Dr Pamela See (Xue Mei-Ling) is an Australian visual artist who practises a contemporary form of papercutting. Her paternal grandfather left China in the early 1930s, and her father, in turn, emigrated from Malaysia in the early 1960s. Born in Brisbane in 1979, Pamela grew up in South East Queensland during the 1980s.

Pamela has been exhibiting since the late 1990s in museums and galleries, including the National Gallery of Australia, Arteriet in Norway, the Museo Gustavo de Maeztu in Spain, the Qing Tong Museum in China and the International Studio and Curatorial Program in the US.

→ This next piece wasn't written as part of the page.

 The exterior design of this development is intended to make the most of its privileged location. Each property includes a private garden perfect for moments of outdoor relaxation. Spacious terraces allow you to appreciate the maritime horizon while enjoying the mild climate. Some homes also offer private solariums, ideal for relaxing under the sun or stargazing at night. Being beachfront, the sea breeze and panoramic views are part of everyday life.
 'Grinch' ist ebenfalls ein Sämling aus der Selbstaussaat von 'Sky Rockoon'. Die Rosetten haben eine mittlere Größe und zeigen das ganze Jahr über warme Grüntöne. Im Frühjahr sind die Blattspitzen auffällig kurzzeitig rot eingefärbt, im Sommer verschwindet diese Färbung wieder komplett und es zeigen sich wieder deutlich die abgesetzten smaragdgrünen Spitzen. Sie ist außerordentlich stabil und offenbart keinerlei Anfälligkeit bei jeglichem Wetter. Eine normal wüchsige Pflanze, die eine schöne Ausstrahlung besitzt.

Her artworks are included in collections housed in The Australian War Memorial in Canberra, The National Gallery of Australia, The National Portrait Gallery of Australia, The Art Gallery of South Australia in Adelaide, the Hua Xia Papercutting Museum in Changsha, Swire Properties in Beijing and Chinachem in Hong Kong.

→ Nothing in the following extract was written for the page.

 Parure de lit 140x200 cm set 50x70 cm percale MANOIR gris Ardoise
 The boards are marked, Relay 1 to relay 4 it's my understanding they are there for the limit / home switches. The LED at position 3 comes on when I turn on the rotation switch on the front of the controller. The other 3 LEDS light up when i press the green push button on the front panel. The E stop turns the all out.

She was invited to contribute to a young and emerging artist program, Starter Space, at the Queensland Art Gallery in the early 2000s. This was proceeded by inclusion in the national touring exhibition Echoes of Home, instigated by the Museum of Brisbane.  During this decade, she also developed her skills through residencies in China and the US, funded by the Australia China Council, Australia Council for the Arts and the Brisbane City Council. During the late 2000s her work featured in solo exhibitions in many regional galleries across Australia, including Noosa, Goulburn and Gympie. Her work was also featured in a solo exhibition at the Museum of Chinese and Australian History in Melbourne in 2019 and in a group show So Fine at the National Portrait Gallery and Sydney Lunar Festival in 2018. Her most recent solo exhibition, …By Celestials, was shownat the SOL Gallery in Melbourne in January 2024. Pamela has also created various site-specific installations both across Australia and in New York and Beijing. Her most recent installation, Hopping Under the Same Moon, was created for the CWS Moon Festival at the Chung Wah Temple in Darwin in 2023.

Dr Pamela See holds a Bachelor of Visual Arts and a Doctor of Philosophy in Fine Arts from Queensland College of Art, Griffith University, and a Master of Business and a Master of Education from Queensland University of Technology.

Investigating the impact of migration on the Australian cultural landscape has been a primary focus of her work.

Pamela

Nelson Nghe

Nelson Nghe is a Western Sydney-based artist engaging with a diverse range of mediums including painting, photo media and assemblage. Nelson’s practice is characterised by the passionate use of mixed media and playful abstractions to push boundaries and highlight intersectional narratives as a first-generation Australian Chinese growing up queer within a culturally and linguistically diverse background in western Sydney.

Nelson graduated with a Bachelor of Commerce and Diploma of Fashion Design and interweaves these backgrounds onto his current art practice to understand the intergenerational impacts of his Chinese diaspora. In 2013, as a freshly graduated designer, he was announced Peroni & Harpers Bazaar Young Designer of the Year. In February 2023 he had his debut solo exhibition Playtime which was presented as part of Sydney World Pride that year. Nelson has been a finalist in several major art awards, including the Fisher’s Ghost Art Award, Hornsby Art Prize and Blacktown City Art Prize. In 2023, Nelson won the Blacktown City Art Prize People’s Choice Award.